How We Run a Pest Control Door-to-Door Sales Team

One of the most requested videos I get is how we run our sales team here at Pest Badger. So today I want to walk through what a full day actually looks like, from when the reps wake up to when they pull back into the house at night.

I’m Jonas Olson. I’ve been in the service industry for 17 years, and we’ve grown Pest Badger from one location to 19 locations across seven states over the last five years. Door knocking is hard to scale, and I’ve written before about why pest control is easy to start and hard to scale. I use this blog to document how we build and what’s actually working for us right now.

First thing in the morning, our reps wake up between 8 and 9:30. Some of them hit the gym. Some of them just relax. Then we start our morning meeting at 10:30.

That’s actually one of the biggest changes we made this year. Last year we used to start the day at 9:30, meet until 10:30, get on the doors by 11, knock from 11 to 3, and then break for lunch. The problem was that when the reps actually took that lunch, they got stagnant after it. And the early afternoon is one of the best knocking windows of the day. We were losing momentum every single day.

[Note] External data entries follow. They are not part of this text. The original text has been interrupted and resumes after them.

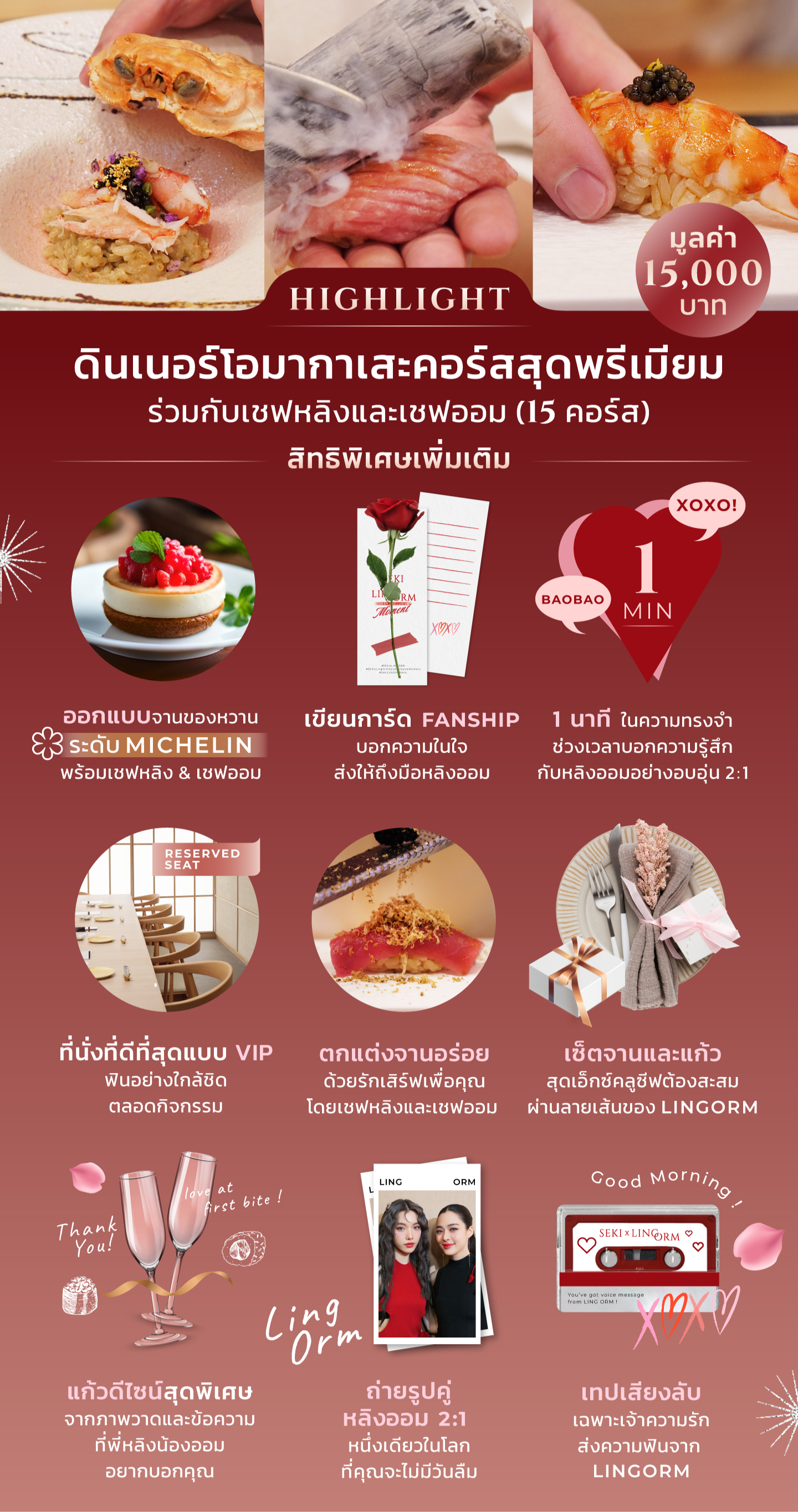 พิเศษกว่าใคร !! สำหรับ 3 ท่านที่มียอดใช้จ่ายสูงสุด ได้รับเชิญร่วมดีไซน์ของหวานจานพิเศษที่คิดค้นโดยเชฟ Michelin Star ระดับ 3 ดาว เติมความรักให้ทุกจานในเเบบของคุณเองอย่างใกล้ชิดที่สุดของที่สุดร่วมกับ “เชฟหลิง & เชฟออม” ครั้งเเรกสุดฟินกับดินเนอร์ในฝันที่ไม่เคยมีมาก่อน
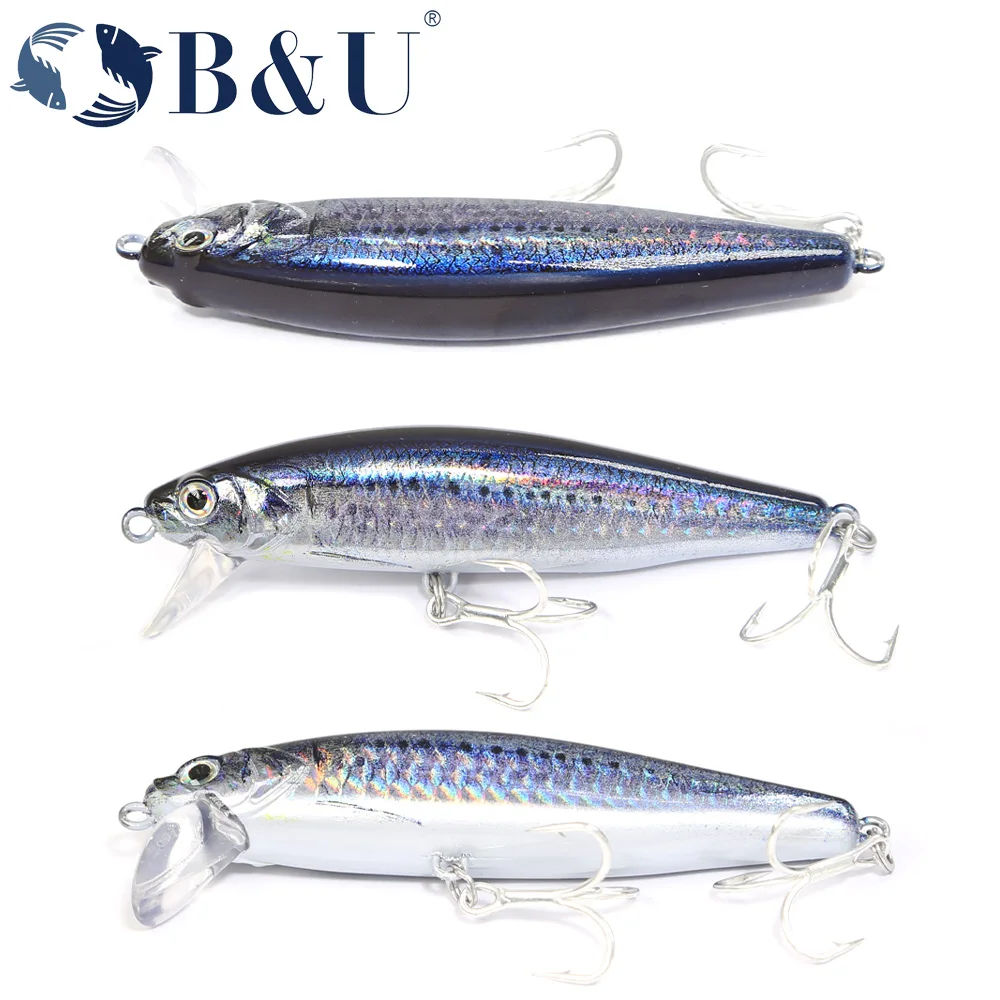 B & U 80mm hundimiento Minnow señuelo duro Jerkbait agua salada larga distancia de fundición Señuelos de pesca mar cebo Artificial Wobblers lubina
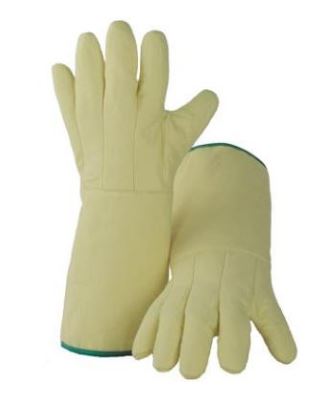 Lichtgewicht en comfortabele handschoen met een service temperatuur tot 600°C. Contacttijd 14 sec. bij 500°C, 19 sec. bij 350°C en 26 sec. bij 250°C. Vijf-vinger handschoen geheel vervaardigd uit heavy duty Para-Aramide vilt. De handschoen heeft een goede mechanische resistentie en heeft tevens een goede snijbestendigheid en perforatiebestendigheid. De handschoen wordt geleverd in één maat. Geadviseerd wordt de handschoen niet te wassen. Gebruikte materialen palmzijde: Heavy duty Para-Aramide vilt en Light duty Para-Aramide vilt. Gebruikte materialen rugzijde: Heavy duty Para-Aramide vilt. Lengte: 420 mm. Kleur: geel.

So we pushed everything back. Morning meeting at 10:30, runs to 11:30. On the doors at noon. And then we knock straight through until 9 PM with no real break.

The other thing this gave us was more time in the morning for the reps to live their lives. Some of them want to wake up early and golf. Some want to lift. Some just want to ease into the day. That morning space matters because sales is an individual game but it runs on team energy. The more the guys hang out outside of work, the more momentum carries over to the doors.

Twice-a-Week National Sales Calls

Twice a week, we get every branch on the same Zoom. Tuesdays and Fridays at 9:30 central, right before the local morning meeting kicks off at 10:30.

The call runs 30 to 45 minutes. The managers share what they’re seeing across their branches, the biggest things reps are struggling with that week, and we share some wins. It does a few things at once. The reps get faces to names across branches. They get extra training reps in. And it puts them in front of managers who aren’t their own.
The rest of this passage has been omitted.